DATA EXTRACT: Begin
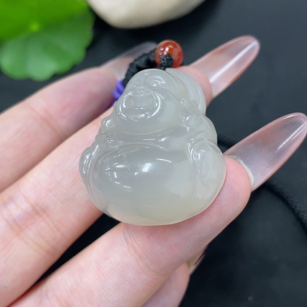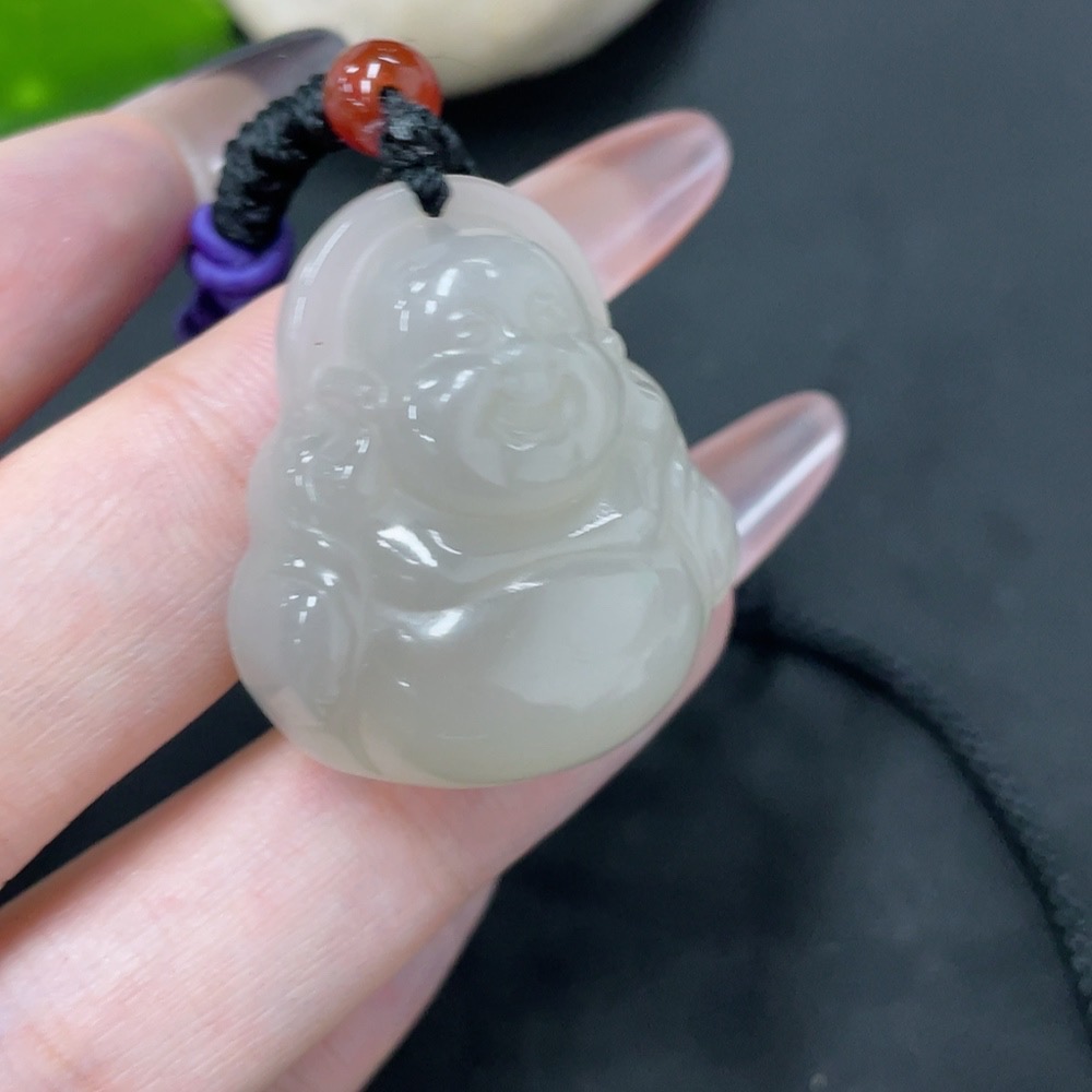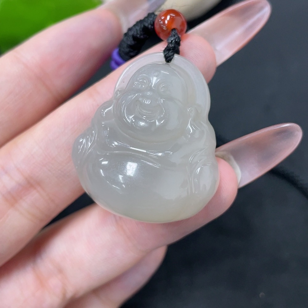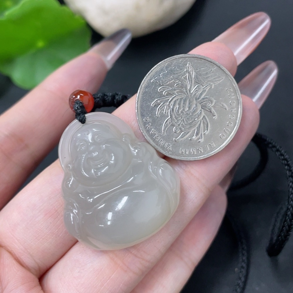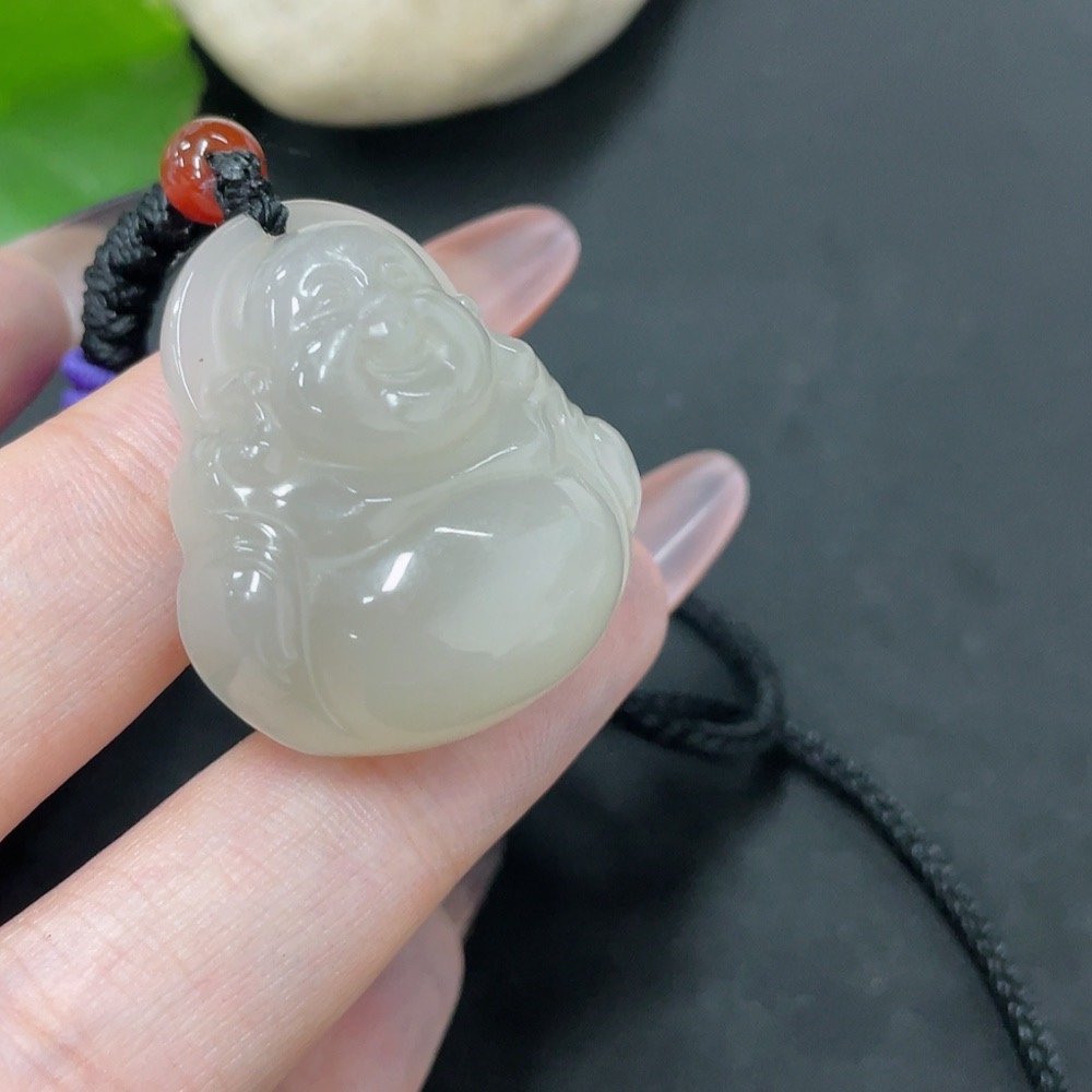 Hetian Jade Pendant Buddha with Non-Hetian Jade Beads Total Weight Approx. 17.1g (including rope)
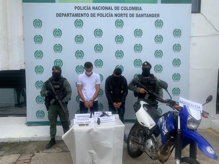 El coronel Carlos Martínez, comandante de la Policía de Norte de Santander, dijo que a las personas capturadas se les halló en su poder un arma de fuego tipo pistola marca Pietro Beretta calibre 9mm, un cargador con 15 cartuchos cal 9mm, una granada de fragmentación IM-26 y dos celulares para la respectiva investigación.
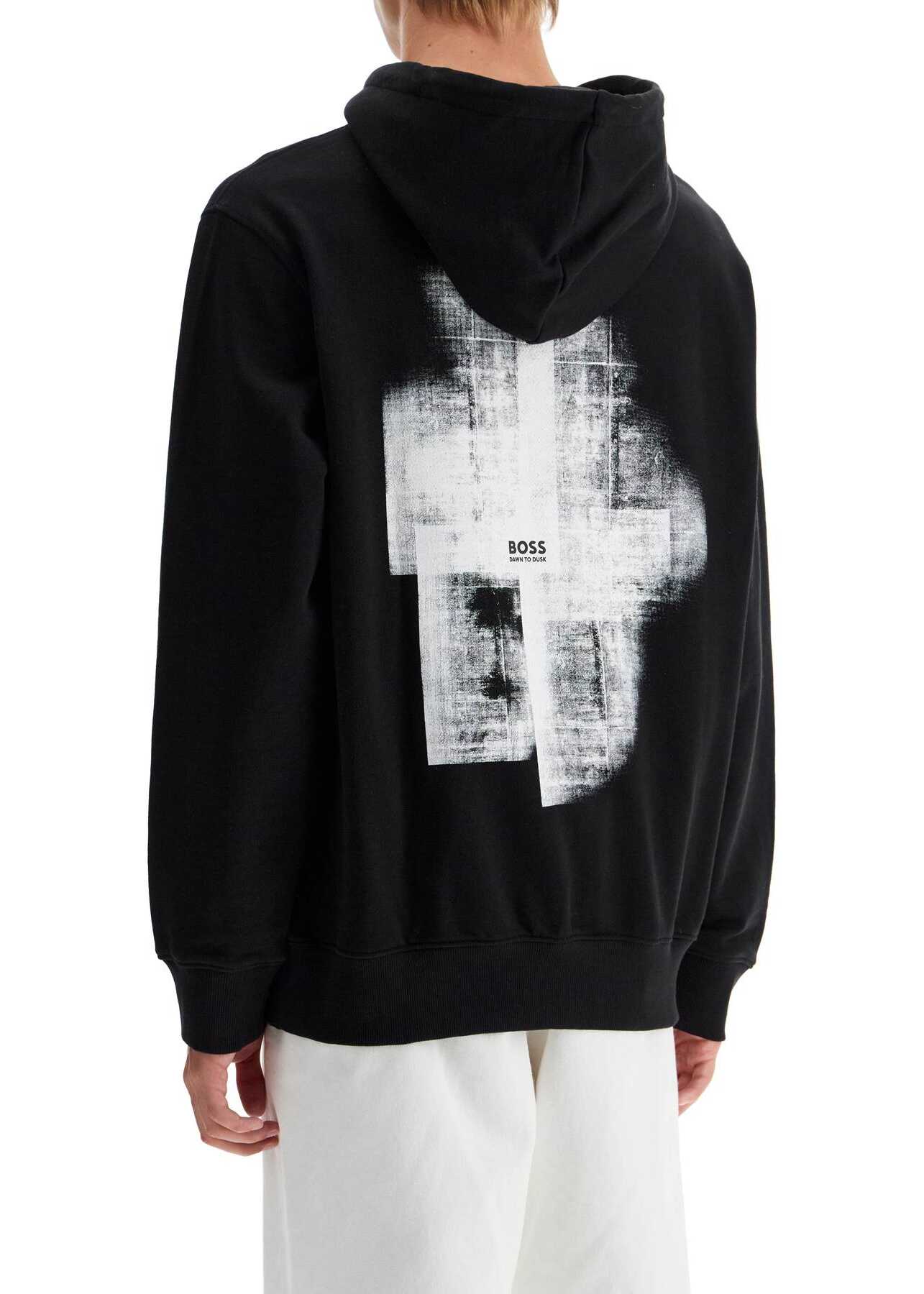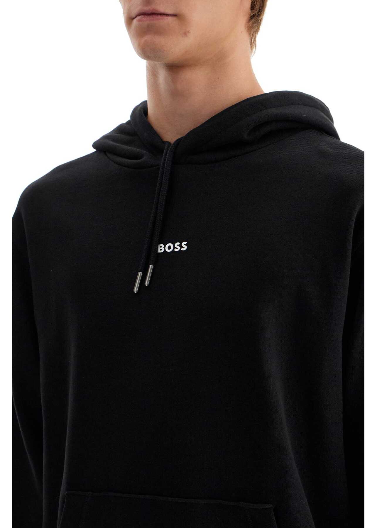 This BOSS hoodie is made of brushed cotton jersey and features a rubberized logo detail on the chest and a graphic print on the back. It has an adjustable drawstring hood, ribbed cuffs and hem, and a front kangaroo pocket. The relaxed fit makes it comfortable to wear. The model is 187 cm tall and wears a size L.
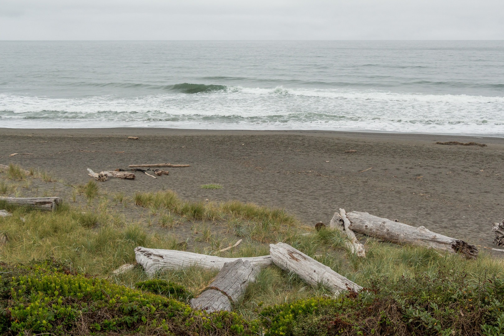 Pelican State Beach is the northernmost beach in California and connects to Crissey Field State Recreation Beach (Oregon's southernmost beach). The parking area and access point is tucked away and hidden from view with no road signs directing your attention to the beach's presence. After driving down a gravel road rife with pot holes, parking can be found on the left side. A short trail leads past blackberry bushes with ripe summer berries and through a grassy section. Here large logs rest, washed up from large swells after being thrown into the ocean by rivers and cliffside disturbances. Another few steps takes visitors onto the beach where one can walk north or south, enjoying this coastal section. If one walks far enough north they will enter Oregon on foot and reach Crissey Field State Recreation Site.
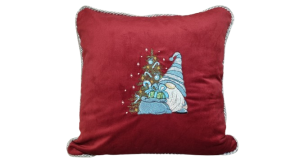 Poduszka świąteczna czerwona z haftem choinka i krasnal
DATA EXTRACT: End
*EXERCISE OBJECTIVE*:
Print all of the entries word for word. Omit the pictures they contain.

*ANSWER BOX*:
 Hetian Jade Pendant Buddha with Non-Hetian Jade Beads Total Weight Approx. 17.1g (including rope)
 El coronel Carlos Martínez, comandante de la Policía de Norte de Santander, dijo que a las personas capturadas se les halló en su poder un arma de fuego tipo pistola marca Pietro Beretta calibre 9mm, un cargador con 15 cartuchos cal 9mm, una granada de fragmentación IM-26 y dos celulares para la respectiva investigación.
 This BOSS hoodie is made of brushed cotton jersey and features a rubberized logo detail on the chest and a graphic print on the back. It has an adjustable drawstring hood, ribbed cuffs and hem, and a front kangaroo pocket. The relaxed fit makes it comfortable to wear. The model is 187 cm tall and wears a size L.
 Pelican State Beach is the northernmost beach in California and connects to Crissey Field State Recreation Beach (Oregon's southernmost beach). The parking area and access point is tucked away and hidden from view with no road signs directing your attention to the beach's presence. After driving down a gravel road rife with pot holes, parking can be found on the left side. A short trail leads past blackberry bushes with ripe summer berries and through a grassy section. Here large logs rest, washed up from large swells after being thrown into the ocean by rivers and cliffside disturbances. Another few steps takes visitors onto the beach where one can walk north or south, enjoying this coastal section. If one walks far enough north they will enter Oregon on foot and reach Crissey Field State Recreation Site.
 Poduszka świąteczna czerwona z haftem choinka i krasnal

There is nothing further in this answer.